En Mexico, dependiendo de la "generacion" y de la clase social puedes decir PADRE, CHIDO (cuando era joven era una palabra "prohibida" para la clase media y superior, ahora es muy comun), y una que es un poco vulgar "a toda madre"





			
				alc112 said:
			
		

> Creo que
> En Venezuela ----> Chévere
> En México ----> Chido


----------



## alc112

Phryne said:
			
		

> Cuchu, qué vejo estás!!!!
> Mis viejos dicen "macanudo", mi generación y algunos más chicos dicen "copado"...


 
Exacto
Macanudo entre nosotros es horrible, parace de las cavernas
Escucho a muchos adultos decirlo, pero nunca a chicos de mi edad
"Está re copado" lo super (o requete contra) usamos, "este foro está re copado"


----------



## Zephyrus

En Perú decimos bacán


----------



## cuchuflete

alc112 said:
			
		

> Exacto
> Macanudo entre nosotros es horrible, parace de las cavernas
> Escucho a muchos adultos decirlo, pero nunca a chicos de mi edad
> "Está re copado" lo super (o requete contra) usamos, "este foro está re copado"



¡Qué alivio!  Tengo el vocabulario apropiado para mis años.

Alexis, no te preocupes. There is very little risk that you will be confused with los adultos de las cavernas!

un saludo,
C.


----------



## Artrella

Phryne said:
			
		

> Cuchu, qué vejo estás!!!!
> Mis viejos dicen "macanudo", mi generación y algunos más chicos dicen "copado"...

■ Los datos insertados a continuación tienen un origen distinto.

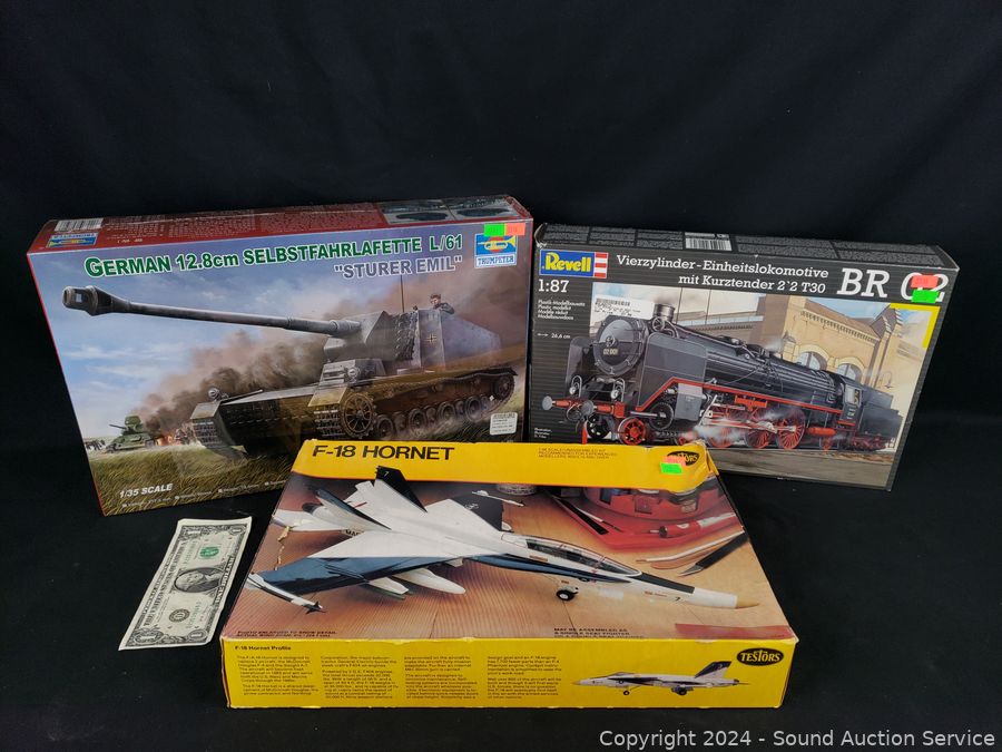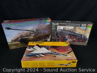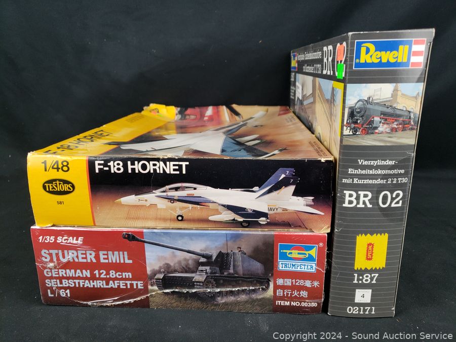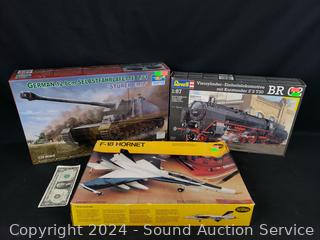 1 is sealed, 2 are opened, appear complete. F-18 Hornet 1:48 scale, Train 1:87 scale, tank 1:35 scale. Refer to photos for makes, models, more details.

Che!!! más respeto niñita!!!  Yo digo "macanudo"... y a mucha honra!!!
Y lo de "copado"...mmm... me parece que está quedando atrás, también se decía "esto es una maza"... 

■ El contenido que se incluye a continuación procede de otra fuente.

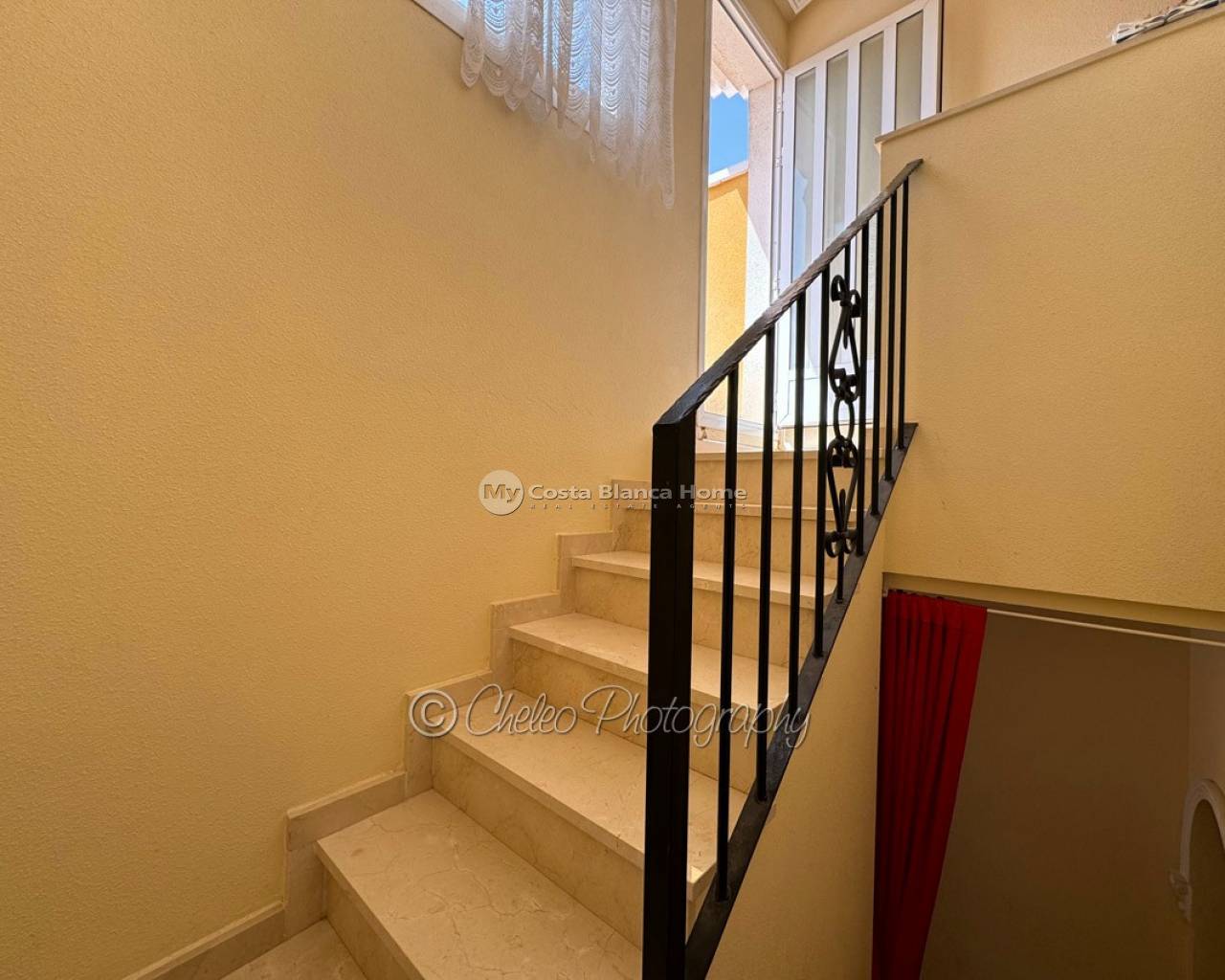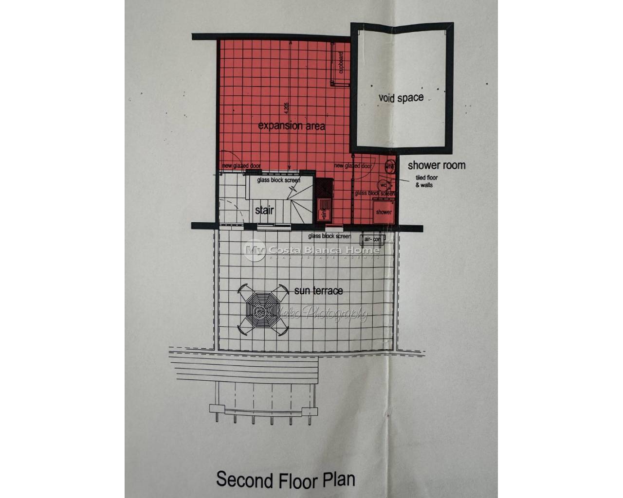 Well presented first floor, 2 bedroom apartment with the possibility to add a 3rd bedroom and bathroom on the upper floor. The main living area comprises of a lounge/diner with a small balcony, fully fitted kitchen, family bathroom, 2 double bedrooms with fitted wardrobes - one of which has a private wc. On the upper floor there is a large terrace offering fabulous countryside and mountain views.

> *Alc * =Macanudo entre nosotros es horrible, parace de las cavernas



Otro más!!! Los voy a mandar a los dos al rincón... yo no soy de las cavernas... aunque esté todo el día en esta cueva estudiando...


----------



## alc112

Artrella said:
			
		

> también se decía "esto es una maza"...
> QUOTE]
> 
> Tenés razón
> Está re desaparecido
> Debe ser porque también desapareció Valeria Mazza


----------



## Phryne

Artrella said:
			
		

> Che!!! más respeto niñita!!! Yo digo "macanudo"... y a mucha honra!!!


 jajaja, no te preocupes, que igual sos joven.. (igual _macanudo _está bastane pasadito, ehhhhh  )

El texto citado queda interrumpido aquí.